Task data:
● ● ● ● ●

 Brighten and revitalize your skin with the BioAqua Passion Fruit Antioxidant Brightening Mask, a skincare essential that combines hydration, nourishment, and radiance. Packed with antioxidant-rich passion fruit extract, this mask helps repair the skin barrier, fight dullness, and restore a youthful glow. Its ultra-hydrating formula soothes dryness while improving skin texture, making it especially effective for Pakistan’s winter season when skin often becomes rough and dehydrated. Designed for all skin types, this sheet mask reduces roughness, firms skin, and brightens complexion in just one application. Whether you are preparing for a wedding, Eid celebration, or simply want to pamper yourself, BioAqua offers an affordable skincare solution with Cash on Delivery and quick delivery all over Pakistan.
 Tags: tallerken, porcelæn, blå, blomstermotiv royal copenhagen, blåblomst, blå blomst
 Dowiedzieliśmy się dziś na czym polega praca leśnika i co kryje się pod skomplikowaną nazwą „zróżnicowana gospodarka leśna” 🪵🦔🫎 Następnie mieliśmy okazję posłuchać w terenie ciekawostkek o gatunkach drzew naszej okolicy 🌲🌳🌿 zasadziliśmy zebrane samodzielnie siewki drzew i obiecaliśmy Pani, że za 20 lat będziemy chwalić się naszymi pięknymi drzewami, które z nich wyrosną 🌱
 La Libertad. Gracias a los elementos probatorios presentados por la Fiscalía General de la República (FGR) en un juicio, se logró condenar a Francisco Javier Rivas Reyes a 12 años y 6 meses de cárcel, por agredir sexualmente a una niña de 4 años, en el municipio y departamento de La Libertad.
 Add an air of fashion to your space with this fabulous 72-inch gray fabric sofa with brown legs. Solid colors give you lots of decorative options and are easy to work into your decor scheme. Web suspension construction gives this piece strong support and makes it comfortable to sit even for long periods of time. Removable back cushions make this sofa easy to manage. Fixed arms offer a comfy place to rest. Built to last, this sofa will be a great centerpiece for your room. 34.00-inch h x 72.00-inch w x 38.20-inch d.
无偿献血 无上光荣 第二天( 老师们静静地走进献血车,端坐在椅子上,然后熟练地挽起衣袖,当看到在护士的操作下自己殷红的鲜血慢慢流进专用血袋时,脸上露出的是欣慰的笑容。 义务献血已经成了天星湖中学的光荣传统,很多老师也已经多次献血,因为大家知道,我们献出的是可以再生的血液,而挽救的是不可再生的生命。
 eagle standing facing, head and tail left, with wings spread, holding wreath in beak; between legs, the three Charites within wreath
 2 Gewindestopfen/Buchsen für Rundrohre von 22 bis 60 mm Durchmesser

● ● ● ● ●

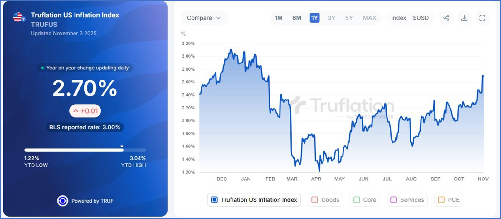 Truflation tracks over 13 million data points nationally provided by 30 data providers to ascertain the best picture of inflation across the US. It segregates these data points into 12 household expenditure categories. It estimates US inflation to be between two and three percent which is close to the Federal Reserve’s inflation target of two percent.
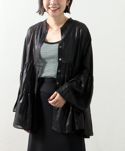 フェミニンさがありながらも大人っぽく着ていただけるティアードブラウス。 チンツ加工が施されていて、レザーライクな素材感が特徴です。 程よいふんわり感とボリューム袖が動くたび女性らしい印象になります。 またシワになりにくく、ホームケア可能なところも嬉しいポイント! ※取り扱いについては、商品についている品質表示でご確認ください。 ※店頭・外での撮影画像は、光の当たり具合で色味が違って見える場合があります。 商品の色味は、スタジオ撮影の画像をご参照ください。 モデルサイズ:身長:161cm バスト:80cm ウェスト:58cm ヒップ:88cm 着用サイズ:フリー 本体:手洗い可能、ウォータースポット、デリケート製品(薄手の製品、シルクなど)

● ● ● ● ●

Action item: Looking at the records above, return exactly the lines from the line with "Brighten and revitalize" to the line with "La Libertad. Gracias", both ends included.

Output of the exercise:
 Brighten and revitalize your skin with the BioAqua Passion Fruit Antioxidant Brightening Mask, a skincare essential that combines hydration, nourishment, and radiance. Packed with antioxidant-rich passion fruit extract, this mask helps repair the skin barrier, fight dullness, and restore a youthful glow. Its ultra-hydrating formula soothes dryness while improving skin texture, making it especially effective for Pakistan’s winter season when skin often becomes rough and dehydrated. Designed for all skin types, this sheet mask reduces roughness, firms skin, and brightens complexion in just one application. Whether you are preparing for a wedding, Eid celebration, or simply want to pamper yourself, BioAqua offers an affordable skincare solution with Cash on Delivery and quick delivery all over Pakistan.
 Tags: tallerken, porcelæn, blå, blomstermotiv royal copenhagen, blåblomst, blå blomst
 Dowiedzieliśmy się dziś na czym polega praca leśnika i co kryje się pod skomplikowaną nazwą „zróżnicowana gospodarka leśna” 🪵🦔🫎 Następnie mieliśmy okazję posłuchać w terenie ciekawostkek o gatunkach drzew naszej okolicy 🌲🌳🌿 zasadziliśmy zebrane samodzielnie siewki drzew i obiecaliśmy Pani, że za 20 lat będziemy chwalić się naszymi pięknymi drzewami, które z nich wyrosną 🌱
 La Libertad. Gracias a los elementos probatorios presentados por la Fiscalía General de la República (FGR) en un juicio, se logró condenar a Francisco Javier Rivas Reyes a 12 años y 6 meses de cárcel, por agredir sexualmente a una niña de 4 años, en el municipio y departamento de La Libertad.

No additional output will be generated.